**ABOUT THIS EXERCISE:** Every entry below must be repeated exactly; skip the pictures.

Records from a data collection

· · · ·

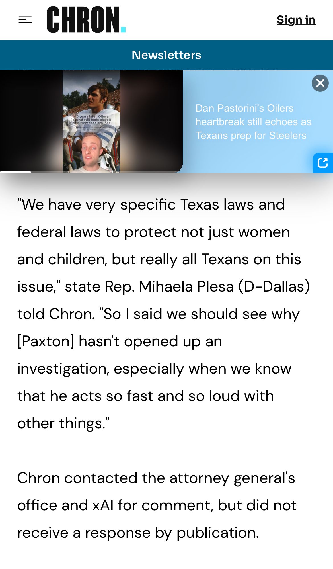 Grok will undress any photo you give it. A classmate, a coworker, a child. Elon Musk knows this and won’t stop it. Ken Paxton knows this and hasn’t acted,” state Rep. Mihaela Plesa, D-Plano We’re asking AG Paxton to focus on our kids and give victims a clear path to get images removed and get legal...Read more
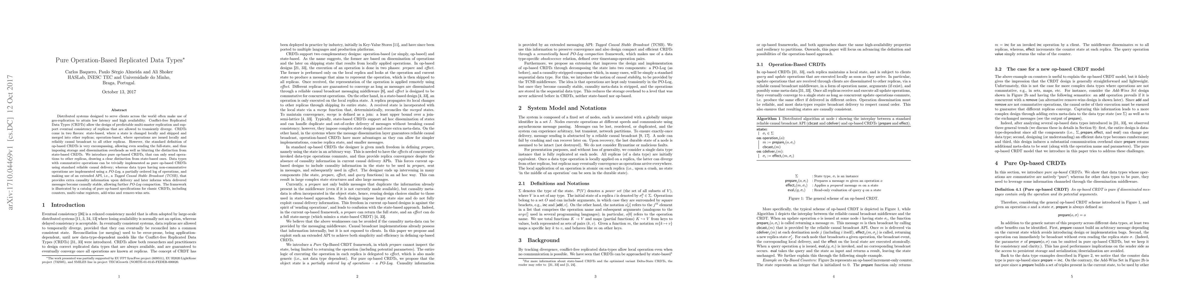 This paper introduces 'pure operation-based CRDTs' that restrict communication to operations only, distinguishing them from state-based CRDTs. It presents a framework using a PO-Log and Tagged Causal Stable Broadcast (TCSB) for non-commutative operations, illustrated with classic CRDT examples like counters and sets.
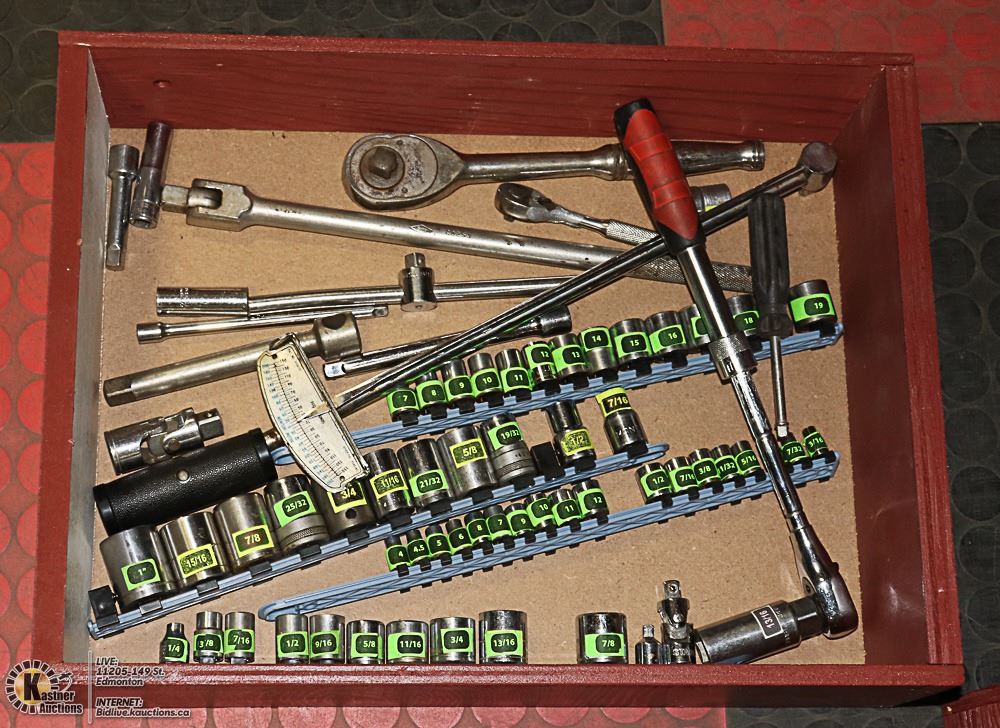 BOX WITH 1/4, 3/8 & 1/2 DRIVE MARKED SOCKETS
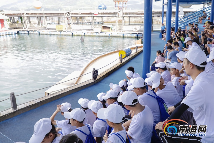 2019融創(chuàng)海南英苗夏令營的營員們在觀看海豚表演。南海網(wǎng)記者 李昊 攝
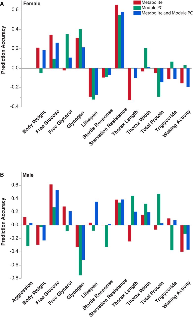 Metabolome-based predictions of organismal traits for females (A) and males (B). We used the elastic net regularization and leave-one-out cross-validation to enrich metabolites and predict phenotypic values. Prediction accuracy is estimated as the correlation between predicted and actual values. The blue, red, and green bars, respectively, represent models with training sets of metabolites and module PCs combined, or metabolites and PCs separately.
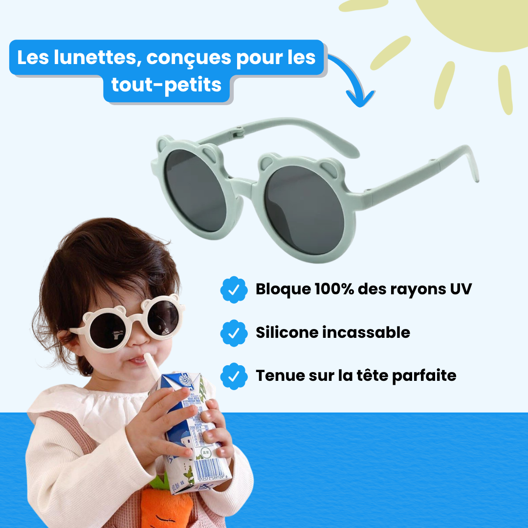 Avec leur monture pliable et leur format compact, ces lunettes se glissent facilement dans un sac ou une poche pour vous accompagner partout. Légères et bien ajustées, elles tiennent parfaitement en place sans sangle. Leur design "petit ourson" ajoute une touche craquante, pour allier style et protection solaire à chaque sortie.
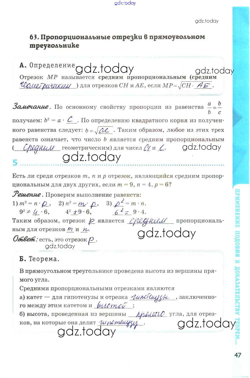 Ответы к Решение к главе VII. Подобные треугольники стр. 47 Рабочей тетради по Геометрии для 8 класса Глазков, Камаев Экзамен УМК 2017

· · · ·

**WRITTEN SOLUTION:**
 Grok will undress any photo you give it. A classmate, a coworker, a child. Elon Musk knows this and won’t stop it. Ken Paxton knows this and hasn’t acted,” state Rep. Mihaela Plesa, D-Plano We’re asking AG Paxton to focus on our kids and give victims a clear path to get images removed and get legal...Read more
 This paper introduces 'pure operation-based CRDTs' that restrict communication to operations only, distinguishing them from state-based CRDTs. It presents a framework using a PO-Log and Tagged Causal Stable Broadcast (TCSB) for non-commutative operations, illustrated with classic CRDT examples like counters and sets.
 BOX WITH 1/4, 3/8 & 1/2 DRIVE MARKED SOCKETS
 2019融創(chuàng)海南英苗夏令營的營員們在觀看海豚表演。南海網(wǎng)記者 李昊 攝
 Metabolome-based predictions of organismal traits for females (A) and males (B). We used the elastic net regularization and leave-one-out cross-validation to enrich metabolites and predict phenotypic values. Prediction accuracy is estimated as the correlation between predicted and actual values. The blue, red, and green bars, respectively, represent models with training sets of metabolites and module PCs combined, or metabolites and PCs separately.
 Avec leur monture pliable et leur format compact, ces lunettes se glissent facilement dans un sac ou une poche pour vous accompagner partout. Légères et bien ajustées, elles tiennent parfaitement en place sans sangle. Leur design "petit ourson" ajoute une touche craquante, pour allier style et protection solaire à chaque sortie.
 Ответы к Решение к главе VII. Подобные треугольники стр. 47 Рабочей тетради по Геометрии для 8 класса Глазков, Камаев Экзамен УМК 2017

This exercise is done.